William Tate

Personal information
- Nationality: Northern Irish
- Born: 7 January 1918 Belfast, Northern Ireland
- Died: 5 March 1977 (aged 59) Forster Green Hospital, Belfast

Sport
- Sport: Lawn bowls
- Club: Bangor BC

Medal record
Representing Northern Ireland
Commonwealth Games
| Bronze medal – third place | 1970 Edinburgh | fours |
British Isles Championships
| Gold medal – first place | 1964 | singles |

= William Tate (bowls) =

Northern Irish international lawn bowler

William "Billy" Tate (7 January 1918 – 5 March 1977) was an international lawn bowler from Northern Ireland.

== Bowls career ==
Tate won a bronze medal in the fours, at the 1970 British Commonwealth Games in Edinburgh; alongside John Higgins, Harold Stevenson and Edward Gordon. Four years later, he represented Northern Ireland for a second successive Commonwealth Games in 1974.

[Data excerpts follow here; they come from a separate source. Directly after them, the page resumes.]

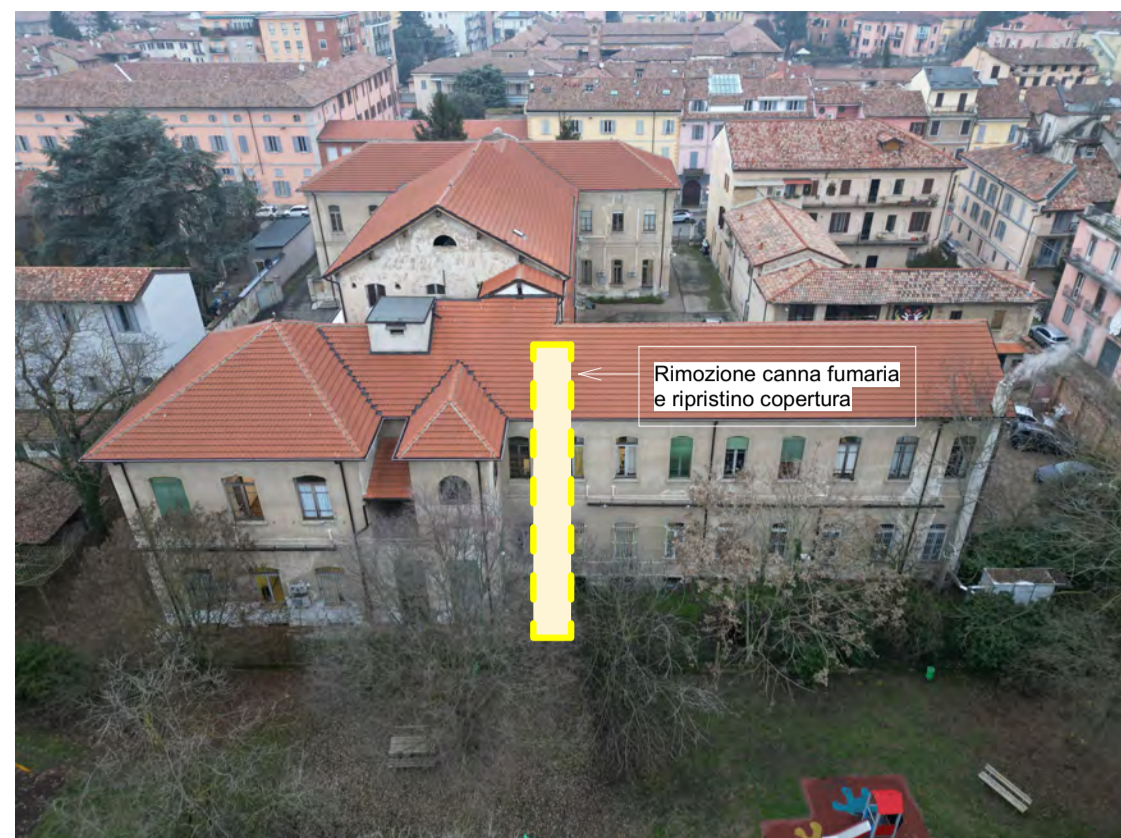
Fronte Sud: Rimozione della canna fumaria indicata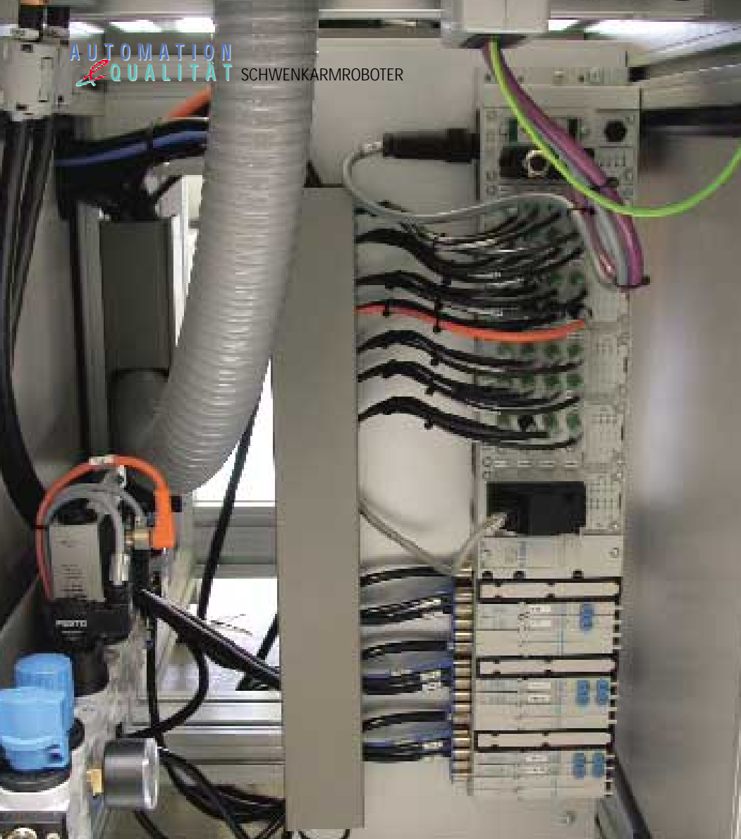
Bauraumoptimiert: Beengte Platzverhältnisse beim Doppelstocker – Die CPX/MPA passen gut in den unteren Bereich der beiden Autostocker.

griertem SCARA-Roboter geeignet. Fünf Autostocker sind beispielsweise in eine Montagelinie integriert, in der Mobiltelefone gefertigt werden. Die Autostocker vereinzeln hier Paletten mit Bauteilen aus einem Stapel und fördern diese in die Montagelinie hinein. Dort entnimmt ein SCARA-Roboter die Bauteile aus den vereinzelt Paletten und setzt sie auf die Werkstückträger auf oder es werden fertige Teile aus der Montagelinie entnommen, in Paletten abgelegt und diese wieder aufgestapelt.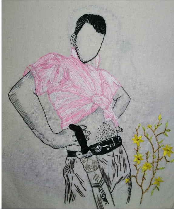
Figura 7. Serie campesino, bordado, 2022.

Este es mi autorretrato, las prendas son de mi padre que, aunque hombre, para ser un macho le falta mucho. Con su ropa me vestí a mi manera, para verme guapo, pero no de fuerza, si no de belleza, la pose no es del macho, es de las modelos del catálogo de ropa que tiene mi madre.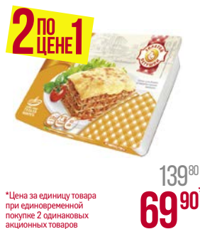
Лазанья ЗОЛОТОЙ ПЕТУШОК , мясная, 370 г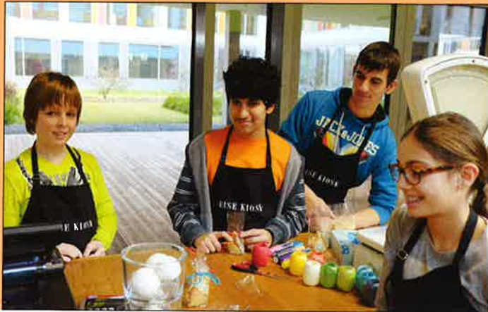
Unten rechts: Das hauseigene Café „Gëlle Fra“ ist sowohl Ausbildungsort als auch eine beliebte Begegnungsstätte im „Ermesinde Lycée“.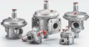
TEK KADEMELİ GAZ BASINÇ REGÜLATÖRLERİ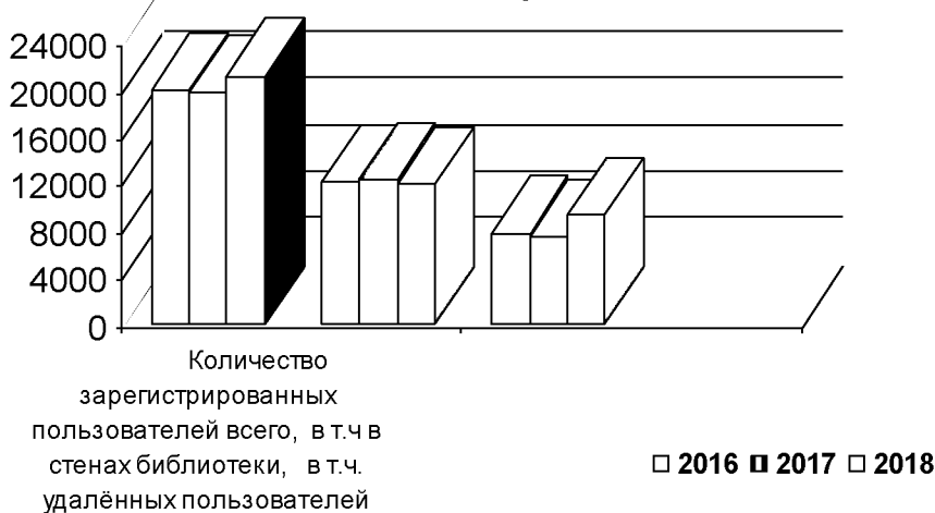
Количество зарегистрированных пользователей 2016, 2017, 2018гг. Всего, в т.ч. в стенах библиотеки, в т.ч. удалённых пользователей

Количество зарегистрированных пользователей в 2018 году 21 255. Обращает на себя внимание рост показателя количества удалённых пользователей в 2018 году - 9340 (+ 1 796), в то же время в 2018 г. немного уменьшилось зарегистрированных пользователей в стенах библиотеки 11915 (- 402) в сравнении с показателями 2017 года.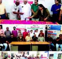
જાંબુડા ખાતે સર્વ રોગ ફ્રી નિદાન કેમ્પ યોજાયા. આ કાર્યક્રમમાં સર્વરોગ નિદાન સારવાર કેમ્પ સંપન્ન.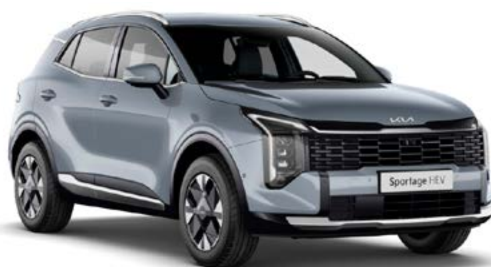
Gris Perle (CSS)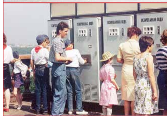
Стакан воды с сиропом в жаркий майский день. (3 коп.)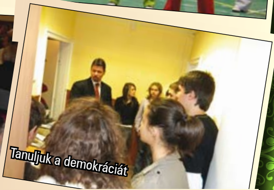
Tanuljuk a demokráciát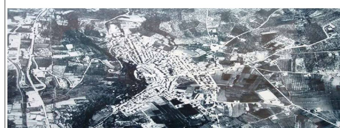
tavola n. 1.a - inquadramento territoriale 1:5000 (Elaborato aggiornato come da determinazione conclusiva Ufficio Tecnico n. 227 del 24/09/2021)

COMUNE DI TREVISO DA CANTIERA PROVINCIA DI PIEDICAVA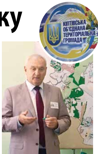
• Володимир Кучма

• Посол Канади Роман Ващук відвідав Кіпті у червні 2018 року разом з іншими послами Великої сімки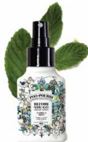
vanilla MINT vaniglia + menta + agrumi Disponibile in: 10mL • 2oz • 4oz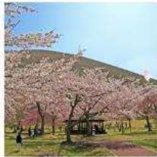
ซากุระ โนะ ซาโตะ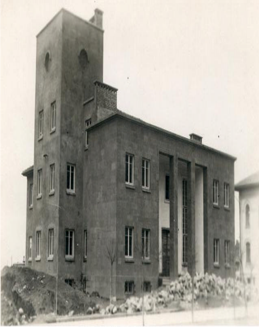
PTT BİNASI İNŞAATI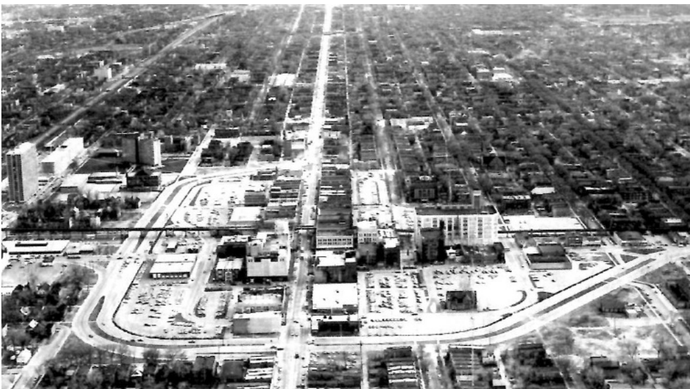
図2 1969年の63通り中心付近図

また、スペシャル・サービス・エリア、セントラル・リテール・マネージメントなどを導入し全体のマネージメント・システムを構築した。さらに、広告、イベント等を促進し、商店街を盛り上げるという提案もなされた。このソーヤ市長によるイングルウッド再生計画において実現したのは、クル・ド・サックになっていた道路を再度車の通れる道路にすることだった。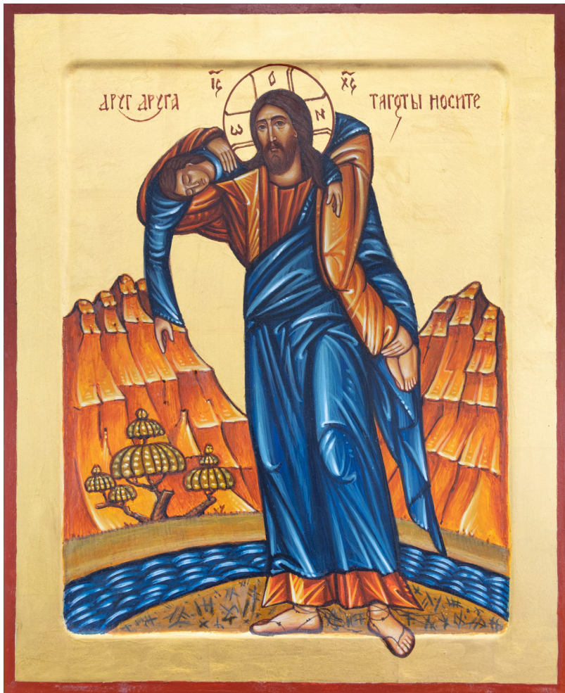
Der gute Hirt. Russische Ikone in der 2020 fertiggestellten serbisch-orthodoxen Kathedrale in Belgrad. Die Ikone zeigt, wie Jesus als der gute Hirt den Menschen ins ewige Leben hinüberträgt.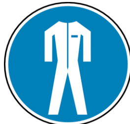
Figure 5 : Tenue de travail adaptée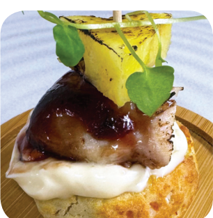
Ohranjyvä Kanaa Talon Takaa: perunarieskaa, vehnäolutmajoneesia, mustaherukkaa, kananrintaa, liekkitettyä ananasta Näsiliinankatu 15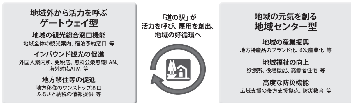
図1 重点「道の駅」に想定される機能

本制度では、地域外から活力を呼ぶ「ゲートウェイ型」と地域の元気を創る「地域センター型」の2つを今後目指していく方向性として掲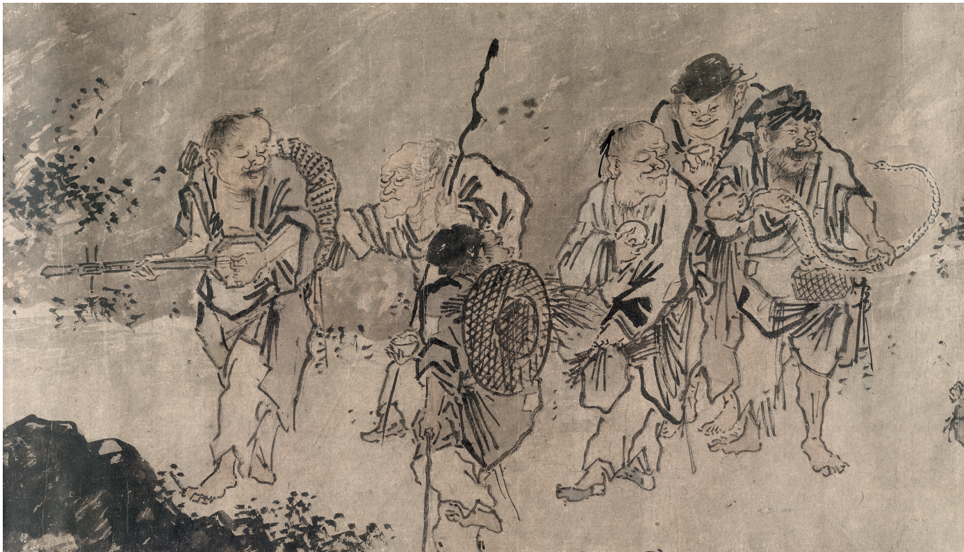
Figure 2. — Les Errants (B1) (cf. fig. 1), scène 3. British Museum.

du luth sanxian 三弦. Apparaissent ensuite deux personnages en robe taoïste, aux postures se faisant écho (fig. 3) : l'un vu de dos, la tête tournée vers la droite, porte sur les épaules une planche à laquelle sont suspendus un bateau miniature 18 et un ballot ; l'autre, de profil, est aveugle et tient un gong dans la main. La scène qui suit constitue le point culminant de l'œuvre : il s'agit d'une dispute entre trois mendiants. L'un d'entre eux, tombé par terre, essaie d'éloigner son agresseur en s'aidant des mains et des pieds. L'autre homme, debout, lui tire les cheveux et s'apprête à lui asséner un coup. Un troisième personnage est sur le point de frapper les deux bagarreurs avec un sanxian . Dans le feu de l'action, il a même perdu l'une de ses chaussures. Par terre, à côté des deux lutteurs, se trouve un abaque à boules ( suanzhu 算珠), probablement l'objet même de la querelle 19 .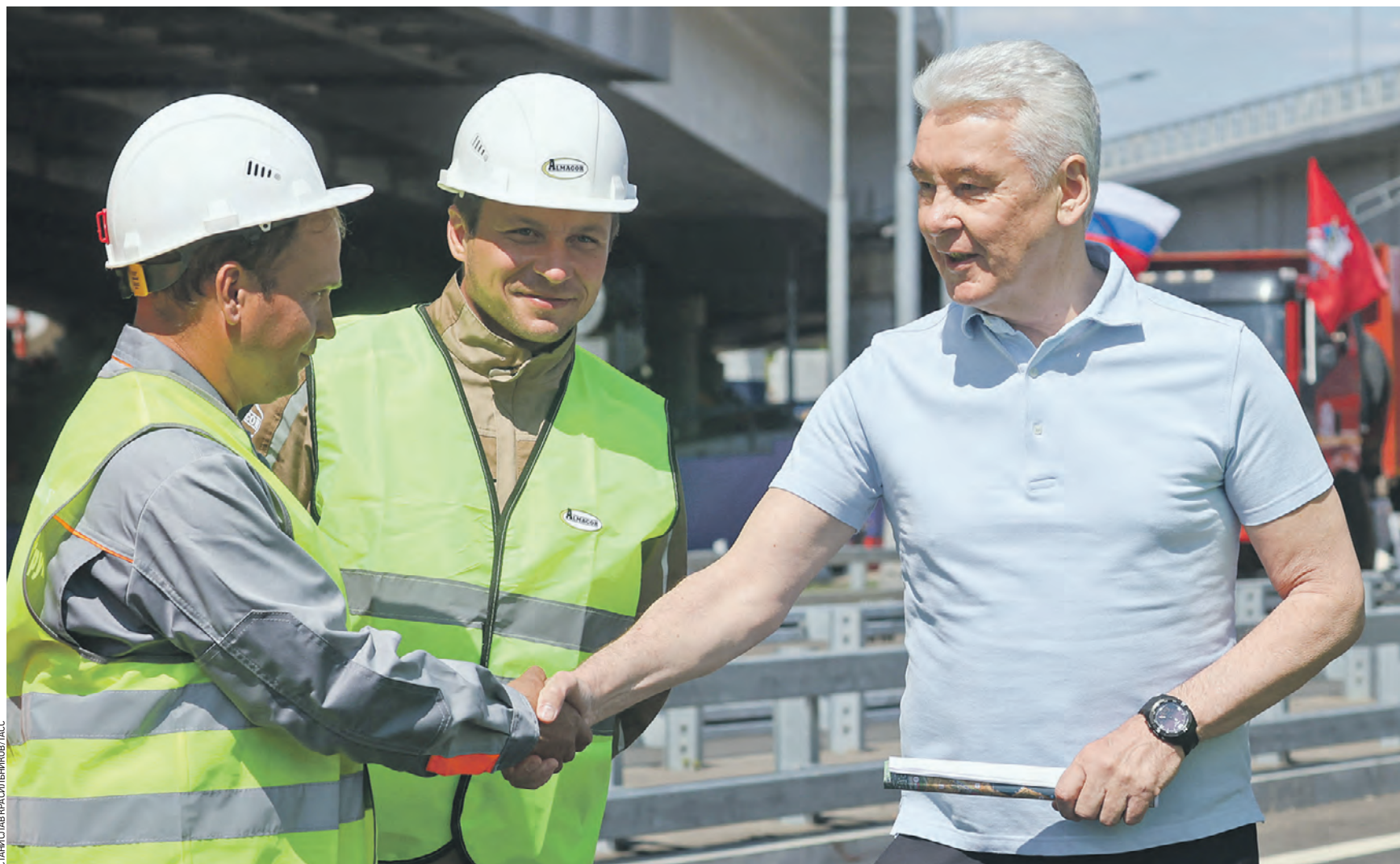
Вчера 11:29 Мэр Москвы Сергей Собянин (крайний справа) поблагодарил строителей за высокий профессионализм и качественную работу. Благодаря их навыкам и труду в городе реализуется один из сложнейших дорожно-транспортных проектов: буквально по воздуху проходит южное направление скоростного диаметра

Так, сразу два участка южного направления МСД сдали на полгода раньше запланированного срока. Шестиполосная трасса начинается у пересечения Шоссеинского проезда и Шоссеинской улицы и далее идет вдоль путей МЦД-2 по территории Печатников до микрорайона Курьяново. Протяженность дороги по прямой, без учета съездов на прилегающие улицы, составляет почти 6,5 километра. В составе новой трассы по-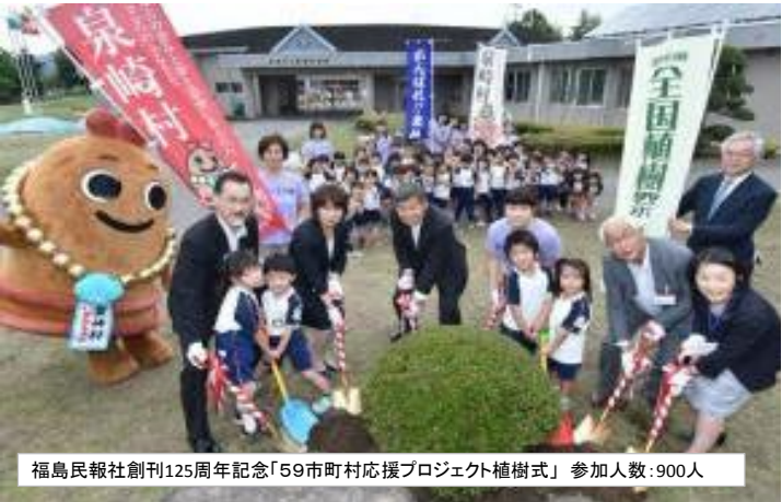
福島民報社創刊125周年記念「59市町村応援プロジェクト植樹式」参加人数:900人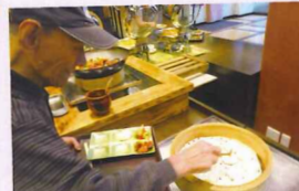
自分で選んで食べる♪良いな♡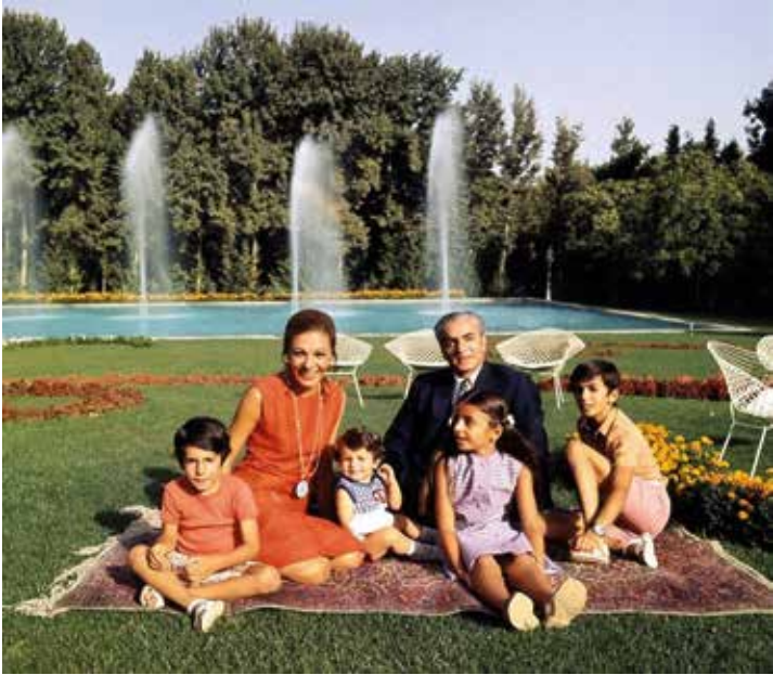
32. Mohammad Reza Pahlavi en Farah Diba met hun kinderen (v.l.n.r.) Reza, Leila, Farahnaz en Ali Reza, in 1973.

He was also part of the fours team that missed out on a medal at the 1972 World Outdoor Bowls Championship, when a combined Ireland team finished in fourth place in the fours competition. He represented the Northern Irish team at the 1974 British Commonwealth Games in Christchurch, New Zealand, where he competed in the pairs event, with Billy Pimley.

He won the 1963 Irish National Bowls Championships singles and won the singles at the British Isles Bowls Championships in 1964.